SQSP: Your digital events include discussions, readings, and guest speakers. How do you determine what content and topics will resonate most for your community members?

MB: I am so fortunate to be a part of what we call EQHQ: a trusted, beloved advisory council comprised of folks from all walks of aging queer life. EQHQ meets regularly to both plan and review. Questions we ask ourselves are: what is a hot topic right now (election, pride, racial justice, pandemic all were all vital this year); affinity (butch identified queers, femme identified queers, trans/non-binary queers, fat queers, “baby” queers all gathered this year; BIPOC queers, disabled queers, and more affinity months coming up) and what is interesting and intriguing? This has led to cooking workshops, sex and dating, dismantling relationships, coming out later in life, health care for trans/non-binary over-40s and more. We figure whatever topic is coming up for us at EQHQ is also coming up for other old gays; creating space to tell stories and ask questions is the central tenet of any Elderqueer experience. 

Elderqueer logo designed by Kavel Rafferty

Elderqueer logo designed by Kavel Rafferty

SQSP: Elderqueer has an international presence. What tools and strategies are you using to build awareness of your platform?

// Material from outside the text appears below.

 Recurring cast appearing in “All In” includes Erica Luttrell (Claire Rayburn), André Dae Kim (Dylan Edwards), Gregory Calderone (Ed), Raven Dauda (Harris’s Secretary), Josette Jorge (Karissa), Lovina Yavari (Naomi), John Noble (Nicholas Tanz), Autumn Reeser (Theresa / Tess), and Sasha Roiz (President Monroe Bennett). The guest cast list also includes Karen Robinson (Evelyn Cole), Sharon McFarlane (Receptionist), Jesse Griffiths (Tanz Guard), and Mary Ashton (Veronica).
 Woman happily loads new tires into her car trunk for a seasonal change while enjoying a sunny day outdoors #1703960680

MB: We are pretty grassroots/word-of-mouth/low profile. Instagram, our website, our monthly newsletter, and a video chat platform are the only ways we currently throw down, which makes it accessible across borders. All of us at EQHQ have at least one time consuming, bill-paying gig and as such, EQ sometimes needs to take a backseat. We have millions of fabulous ideas which sometimes get excitedly talked about and, because of time and energy constraints, get stuck and go nowhere (thinking about our dating site and directory ideas) — and that’s both OK and encouraged. Creating a collaborative environment that is respectful of time and personal space is encouraged and important. Elderqueer tends to be casual, personal, engaged, and easy-going. 

SQSP: As a digital-first space, what role does your online presence play in your work?

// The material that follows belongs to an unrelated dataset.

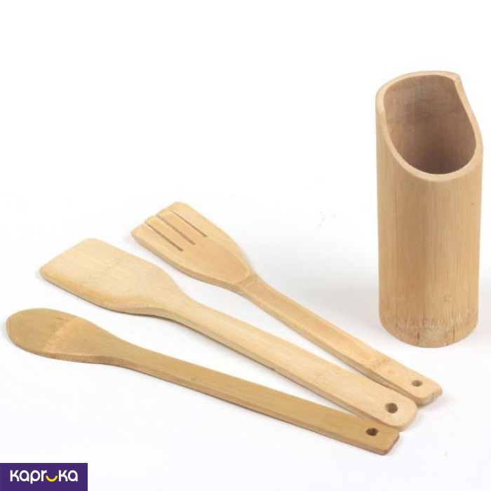 The Kitchen Master Chef Bamboo Wooden Kitchen Tool Set is made from high-quality bamboo wood, known for its durability and eco-friendliness.
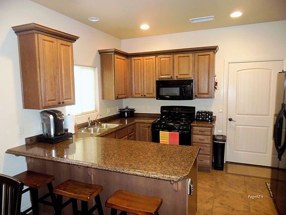Check this great little house out! Walk through the front door into a great room with 9' flat ceilings, spacious living room, dining room w/coffered ceiling, strategically designed kitchen for maximum work space and plenty of cabinets, gas stove and black appliances. Three bedrooms, two full bathrooms, walk in closets (his and her closets in master bedroom). Upgraded wood laminate flooring in living room, dining room.....tile floors in kitchen and bathrooms, carpet in the bedrooms. Large covered patio in back and block wall around the home. Fully landscaped front yard, RV parking plus a 2 car garage. This home has it all so call me for an appointment.

MB: All. All online all the time. We have had literally zero in-person gatherings; not on purpose. Part of our long term vision includes eventual IRL gatherings and retreats, but Covid happened a little less than a year after EQ launched. The first week of quarantine lockdown, we held our first Wednesday evening Elderqueerantine event which we publicized on Instagram. Elderqueerantine was mostly silly, irreverent, and social, and these events were the thing that really gained traction and helped build the community into where we are today. Another galvanizer was Elderqueer Accomplice month last summer, during which we brainstormed ways that elder queers could advance action work in racial justice; we raised over $2500 to distribute to individuals and organizations centering older black queers. 

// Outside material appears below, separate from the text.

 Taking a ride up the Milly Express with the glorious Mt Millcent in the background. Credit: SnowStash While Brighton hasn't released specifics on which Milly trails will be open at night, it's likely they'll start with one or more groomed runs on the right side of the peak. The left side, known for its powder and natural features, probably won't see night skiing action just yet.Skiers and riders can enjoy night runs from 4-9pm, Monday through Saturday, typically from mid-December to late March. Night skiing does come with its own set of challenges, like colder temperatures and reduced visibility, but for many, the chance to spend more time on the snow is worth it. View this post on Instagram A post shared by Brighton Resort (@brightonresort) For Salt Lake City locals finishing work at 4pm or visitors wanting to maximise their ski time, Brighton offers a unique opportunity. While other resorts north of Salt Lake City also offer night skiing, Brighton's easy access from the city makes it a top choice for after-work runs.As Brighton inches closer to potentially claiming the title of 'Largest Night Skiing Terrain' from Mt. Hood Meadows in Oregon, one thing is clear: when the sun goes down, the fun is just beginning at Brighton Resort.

SQSP: How do you see Elderqueer evolving in the years ahead?

MB: Oh, gosh, so much. Post-pandemic, I would really love to be in actual time and space with a whole bunch of aging queers. A long weekend retreat sounds amazing to me. I mean, as a community, we have SO much wisdom, energy, and experience; there are endless things to explore, discuss, commiserate over, learn about, and create time for. I also see a greater priority given to affinity groups. Queers are everywhere, in every neighborhood, every community, every walk of life. Everyone ages, and everyone deserves to age with respect, dignity, and a sense of worthiness. Helping create experiences that center our differences and our similarities as aging LGBTQ+ folks feels so exciting and important in a way that is personal, joyful, political, and filled with curiosity about what’s next. Elderqueer is a beginning, rather than an ending. It is such a happy place for me.